What this task involves → When you copy from the entries that follow, take only the lines from the one with "The Amalia midi" down to the one with "[보도자료] 더불어민주당 선대위", keeping both ends and dropping every picture.

Records to use →

*** Block opens ***

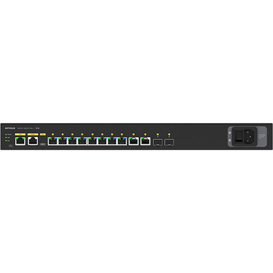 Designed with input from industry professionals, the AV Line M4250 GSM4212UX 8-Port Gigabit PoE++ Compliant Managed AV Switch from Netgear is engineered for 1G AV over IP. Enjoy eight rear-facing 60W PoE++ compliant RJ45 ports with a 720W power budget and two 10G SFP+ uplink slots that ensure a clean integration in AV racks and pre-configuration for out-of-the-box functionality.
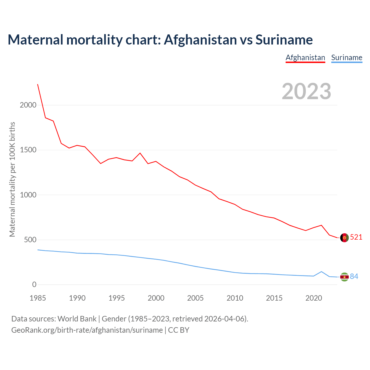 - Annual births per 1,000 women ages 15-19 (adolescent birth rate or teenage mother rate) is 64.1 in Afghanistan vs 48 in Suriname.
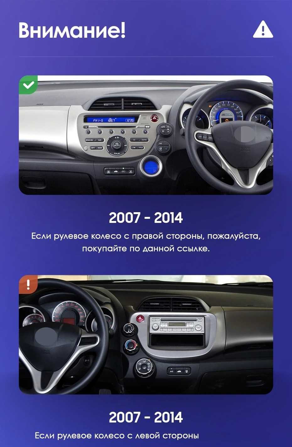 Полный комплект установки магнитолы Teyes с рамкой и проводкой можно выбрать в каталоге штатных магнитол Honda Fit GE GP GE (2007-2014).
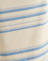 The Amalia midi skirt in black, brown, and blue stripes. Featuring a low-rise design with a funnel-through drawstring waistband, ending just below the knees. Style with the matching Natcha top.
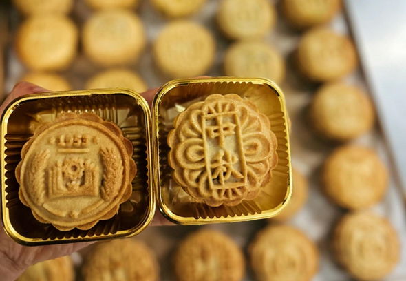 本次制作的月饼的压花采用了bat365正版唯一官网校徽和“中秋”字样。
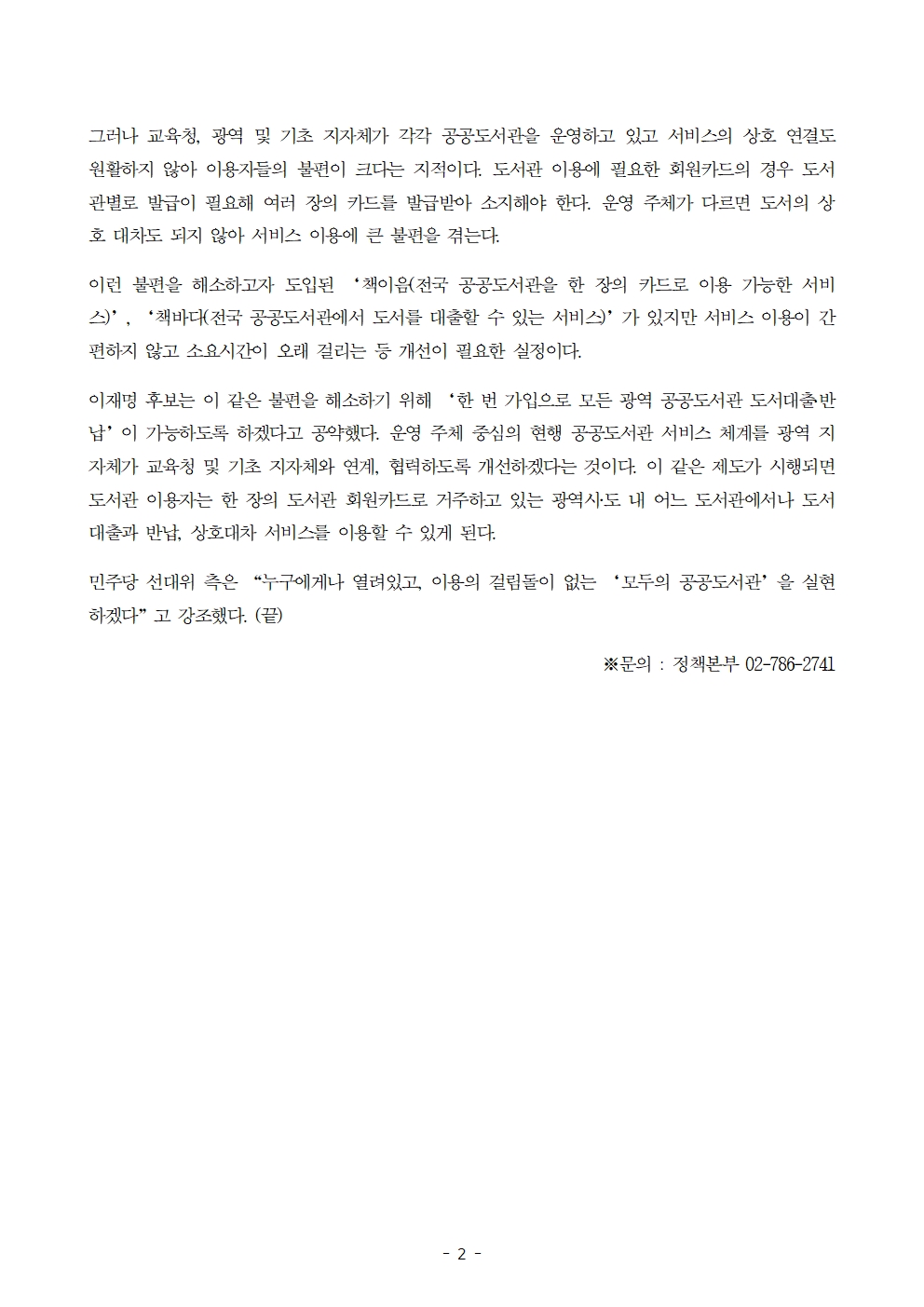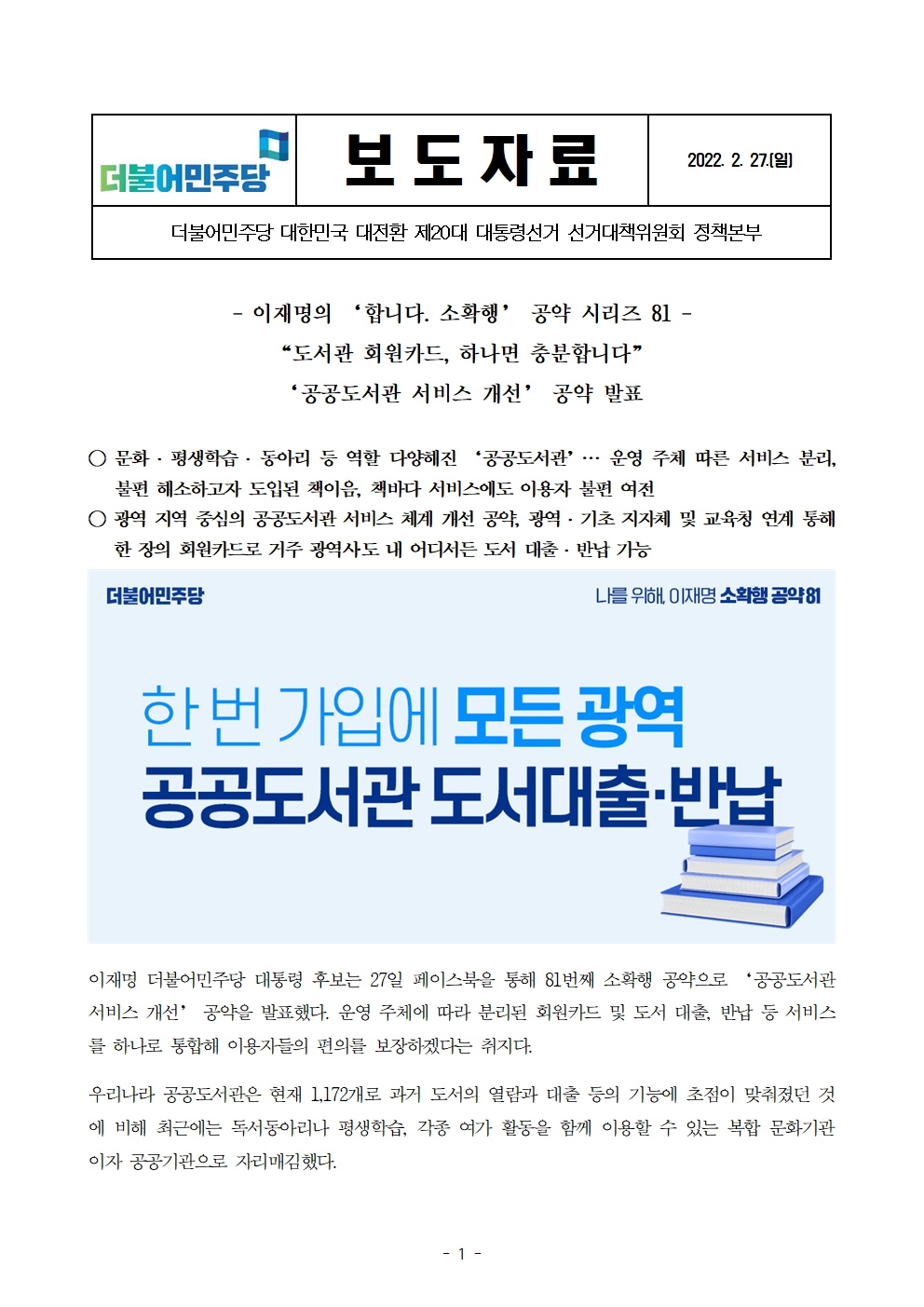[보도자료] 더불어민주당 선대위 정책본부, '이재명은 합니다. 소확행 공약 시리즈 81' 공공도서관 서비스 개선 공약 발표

*** Block closes ***
*** Block opens ***

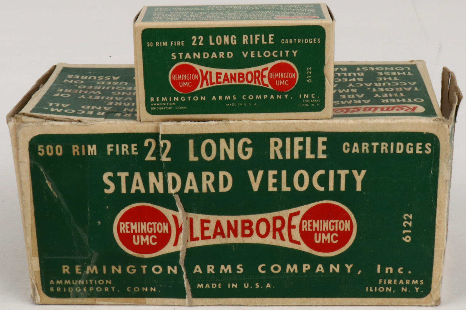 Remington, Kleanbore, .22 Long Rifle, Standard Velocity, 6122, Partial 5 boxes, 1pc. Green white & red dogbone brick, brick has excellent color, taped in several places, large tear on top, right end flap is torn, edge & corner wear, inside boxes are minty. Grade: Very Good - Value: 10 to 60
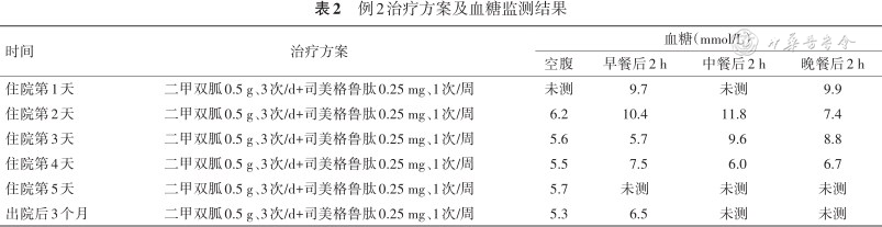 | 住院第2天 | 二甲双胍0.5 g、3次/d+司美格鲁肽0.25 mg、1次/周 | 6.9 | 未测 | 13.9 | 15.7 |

*** Block closes ***

Output →
 The Amalia midi skirt in black, brown, and blue stripes. Featuring a low-rise design with a funnel-through drawstring waistband, ending just below the knees. Style with the matching Natcha top.
 本次制作的月饼的压花采用了bat365正版唯一官网校徽和“中秋”字样。
[보도자료] 더불어민주당 선대위 정책본부, '이재명은 합니다. 소확행 공약 시리즈 81' 공공도서관 서비스 개선 공약 발표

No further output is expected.